Нелегко пришлось Фёдору. Попробовал к царской карете протиснуться, так схватили его и посадили под Красное крыльцо. Но когда выяснилось, что от Аввакума принёс Фёдор письмо, взял письмо царь и Фёдора велел отпустить. Впрочем, ненадолго. Потому что зашёл на обратном пути Фёдор в Успенскую церковь, туда же и царь пришёл, уже прочитав письмо, вечерю послушать. Увидел снова Фёдора и приказал отвести в Чудов монастырь. Заковали Фёдора в железа и оставили в хлебне. Только не держалось теперь железо на Фёдоре. Рассыпались оковы, и утром пришедшие в хлебню монахи увидели, что ползает Фёдор в печи и крошки собирает. Донесли об этом чуде царю, тот сам в монастырь пришёл, с честью велел отпустить Фёдора...
Зато на Аввакума кручиноват государь стал. Месяц почти думал, что с протопопом делать. В конце августа объявил боярин Пётр Михайлович Салтыков выговор от царя Алексея Михайловича Аввакуму:
– Власти на тебя, протопоп, жалуются, что запустошил ты церкви. Поедь в ссылку опять.
– Далеко ли? – Аввакум спросил.
– На Печору поедешь! В Пустозерск...
29 августа и двинулись в путь. Так и не довелось Аввакуму на Печатном дворе поработать. Так и не довелось Настасье Марковне в своём углу последнего ребёнка родить... Не всё ещё дороги ими были пройдены, не все снега протоптаны, не все морозы испытаны, не все вьюги выслушаны...
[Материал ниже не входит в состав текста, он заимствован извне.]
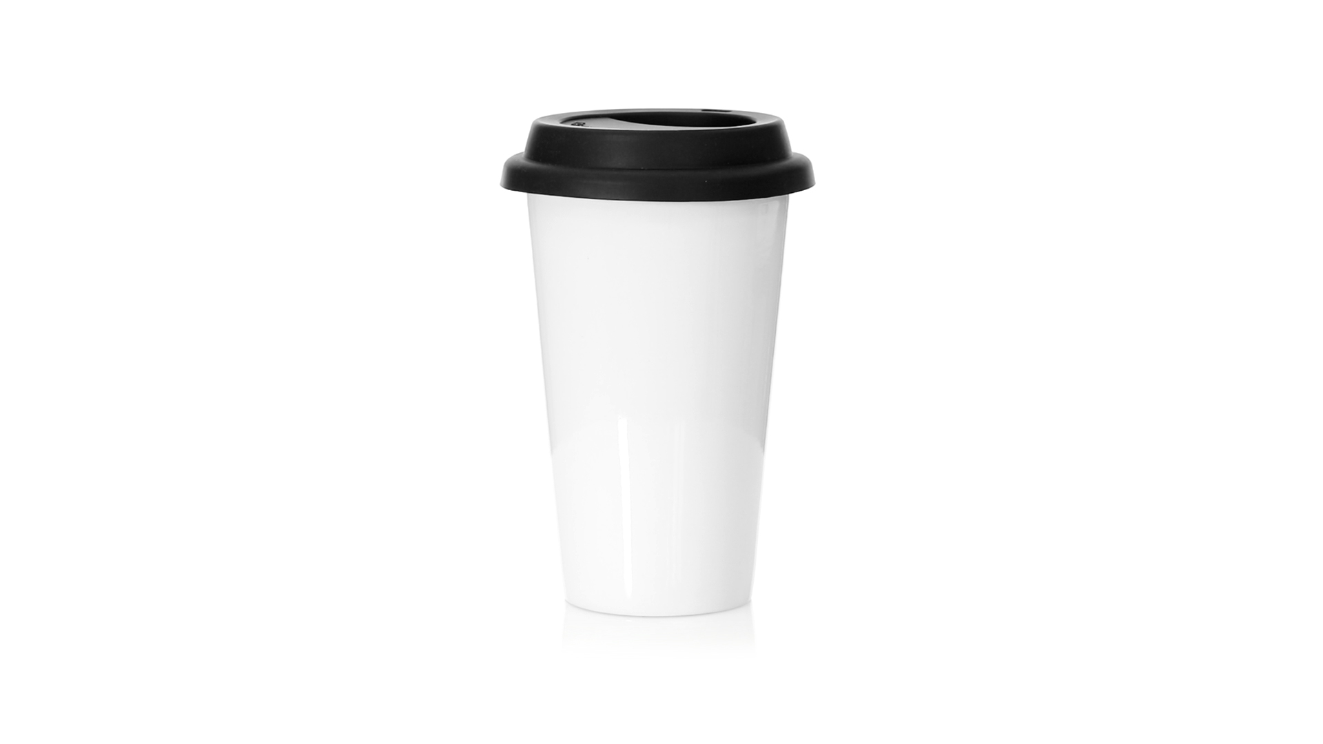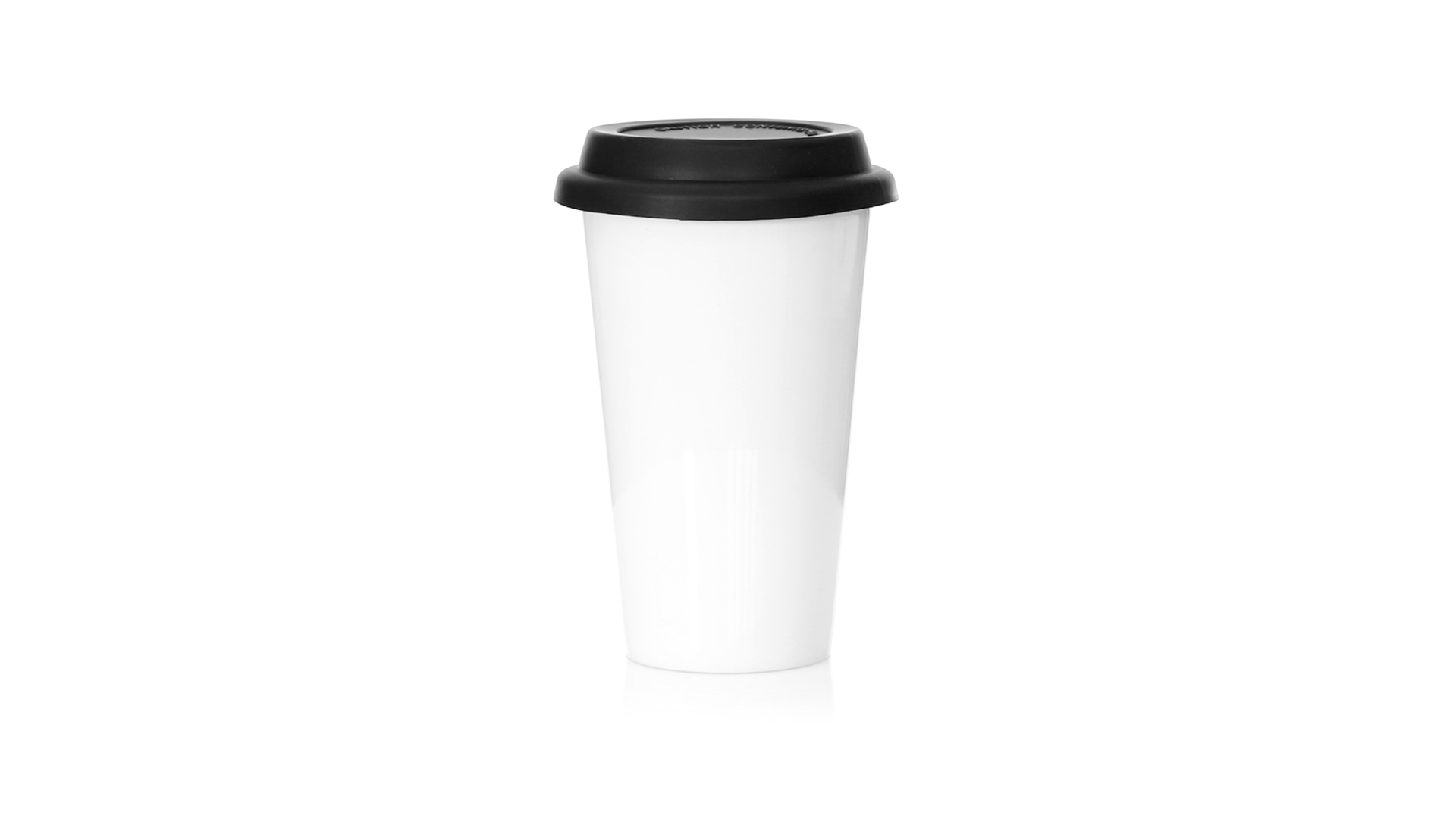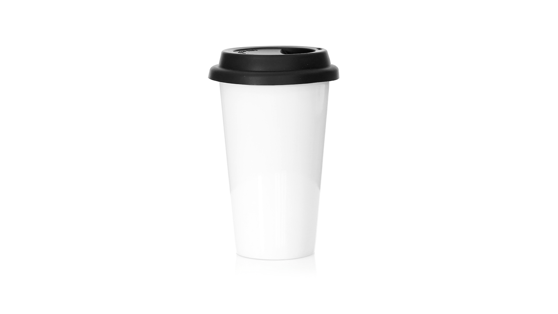 Vaso de cerámica de 400ml de capacidad original diseño bicolor, con vaso en color blanco y tapadera de silicona en variada gama de colores. Presentado en caja individual.

В голос Настасья Марковна плакала на грядах своих, ещё по весне на огороде Морозовой устроенных. Уж так старалась, так трудилась на огородике своём. Семёна-то в отстоявшейся дождевой воде, смешанной с куринным помётом, мочила. Смешав лошадиный помёт с соломою, основание для гряды устраивала, а сверху землёй доброй присыпала... И так дружно росло всё. И лук, и морковь, и репа, ещё бы пару недель – и добрый бы урожай был.
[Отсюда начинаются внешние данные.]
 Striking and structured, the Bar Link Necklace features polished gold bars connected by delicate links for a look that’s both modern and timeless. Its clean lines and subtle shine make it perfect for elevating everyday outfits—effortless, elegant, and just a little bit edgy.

– Полно тебе, матушка... – утешали протопопицу боярынины дворовые. – На спокое там не такой огород заведёшь. Земли там, говорят, немереные.
– Не видели вы земель тых... – отвечала Настасья Марковна.
Все гряды свои слезами обмочила, бедная...
Невелик был урожай, а и тот пришлось оставить. Не велико имущество в Москве успели нажить, а и то раздавать пришлось. Куда в такую даль повезёшь. Люди-то опытные сказывали – только до Холмогор и есть дорога, а дальше на оленях ехать надобно...
Самим бы добраться...
Только к октябрю и доволоклись до Холмогор.
Здесь пришлось сделать остановку. Приспело время рожать Настасье Марковне. В Холмогорах и родила она последнего Аввакумова сына – Афанасия.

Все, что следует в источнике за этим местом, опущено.